__Data section__
● ● ● ● ●
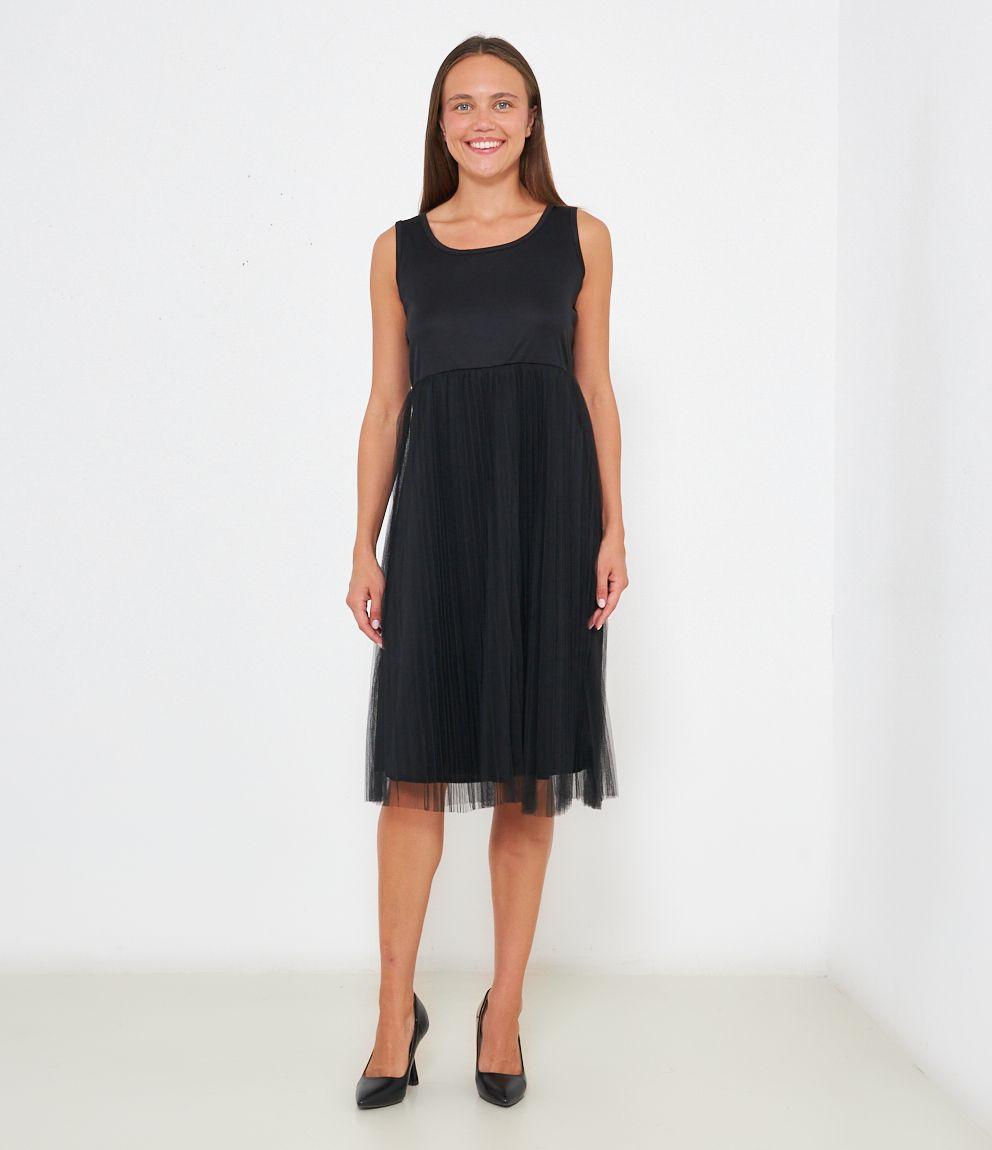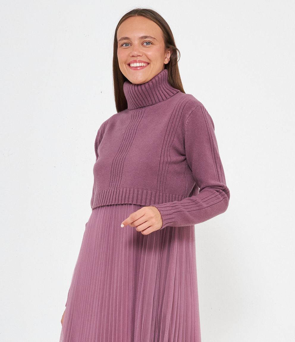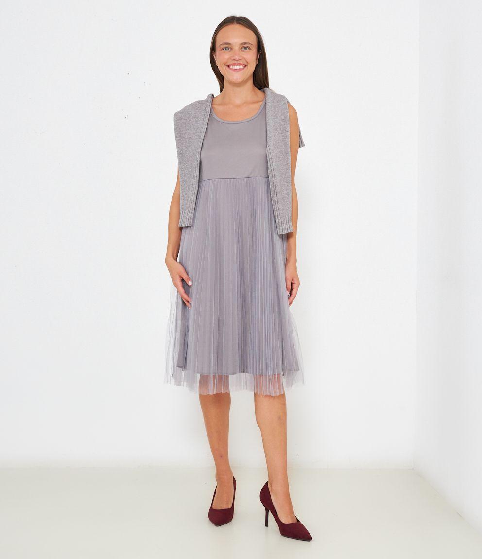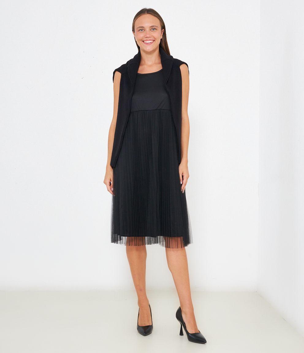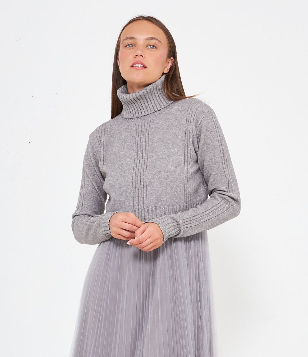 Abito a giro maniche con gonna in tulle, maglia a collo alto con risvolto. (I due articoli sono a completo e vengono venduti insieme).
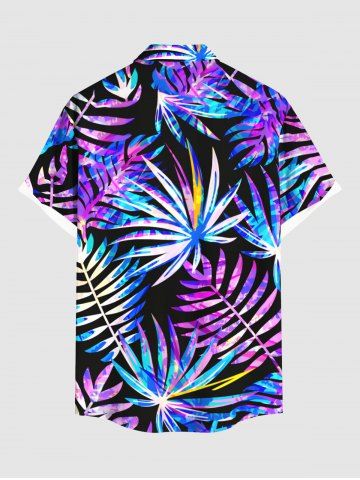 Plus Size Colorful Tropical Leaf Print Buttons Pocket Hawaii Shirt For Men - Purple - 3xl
● ● ● ● ●
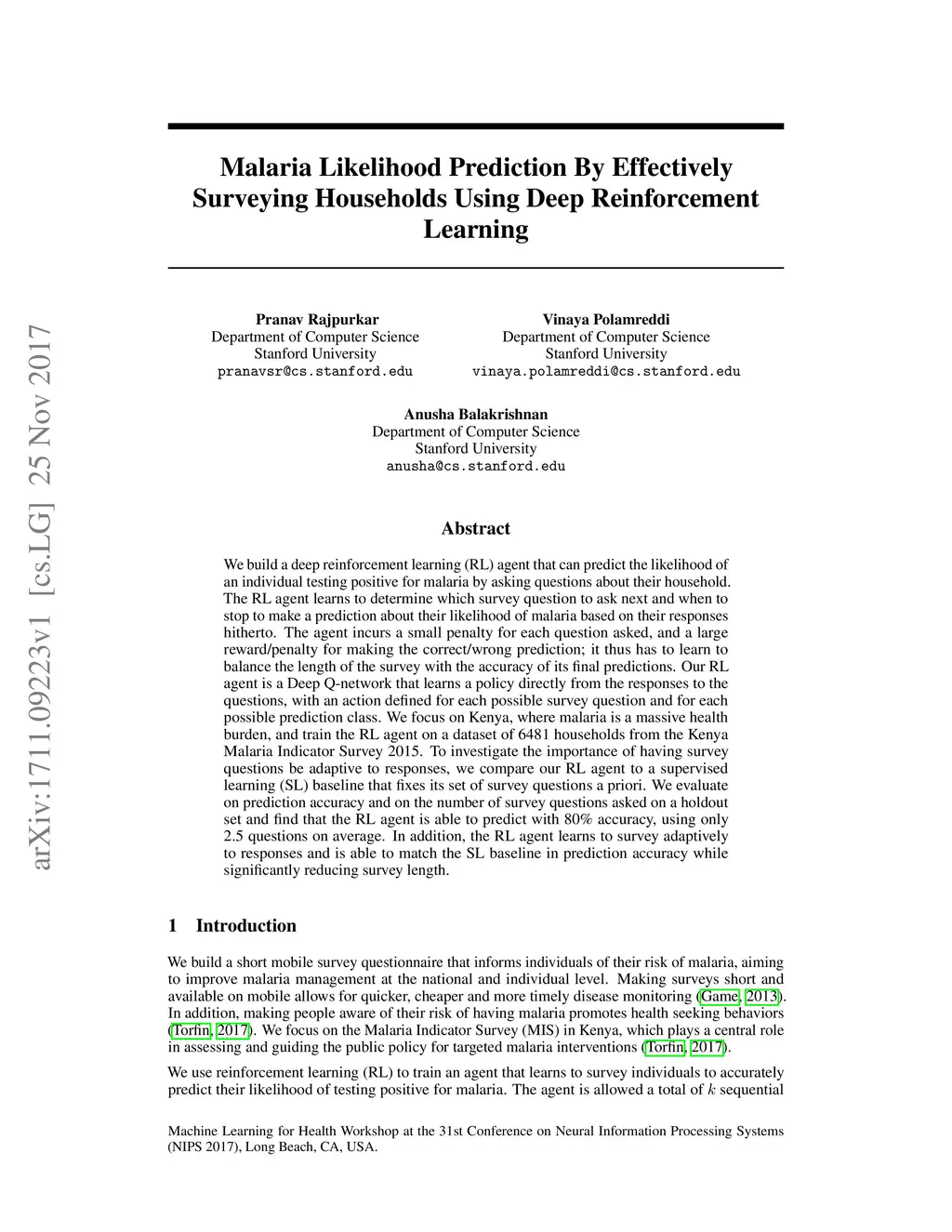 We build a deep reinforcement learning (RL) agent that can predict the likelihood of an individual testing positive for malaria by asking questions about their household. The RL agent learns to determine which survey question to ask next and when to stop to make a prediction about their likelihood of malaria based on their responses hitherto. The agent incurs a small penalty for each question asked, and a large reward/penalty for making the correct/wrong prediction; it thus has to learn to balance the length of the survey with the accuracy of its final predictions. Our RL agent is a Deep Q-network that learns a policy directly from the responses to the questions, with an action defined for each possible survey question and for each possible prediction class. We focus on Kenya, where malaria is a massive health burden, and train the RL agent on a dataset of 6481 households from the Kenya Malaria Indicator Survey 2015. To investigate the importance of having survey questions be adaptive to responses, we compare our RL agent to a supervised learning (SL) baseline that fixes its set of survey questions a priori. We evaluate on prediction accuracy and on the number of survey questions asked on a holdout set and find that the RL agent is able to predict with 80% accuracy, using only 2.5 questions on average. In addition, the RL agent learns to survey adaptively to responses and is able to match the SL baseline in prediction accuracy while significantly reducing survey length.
● ● ● ● ●
__Activity__
Restate word for word the lines of the data above that begin at the line with "Abito a giro" and end at the line with "Plus Size Colorful", keeping both ends and dropping every picture.

__Answer to this exercise__
 Abito a giro maniche con gonna in tulle, maglia a collo alto con risvolto. (I due articoli sono a completo e vengono venduti insieme).
 Plus Size Colorful Tropical Leaf Print Buttons Pocket Hawaii Shirt For Men - Purple - 3xl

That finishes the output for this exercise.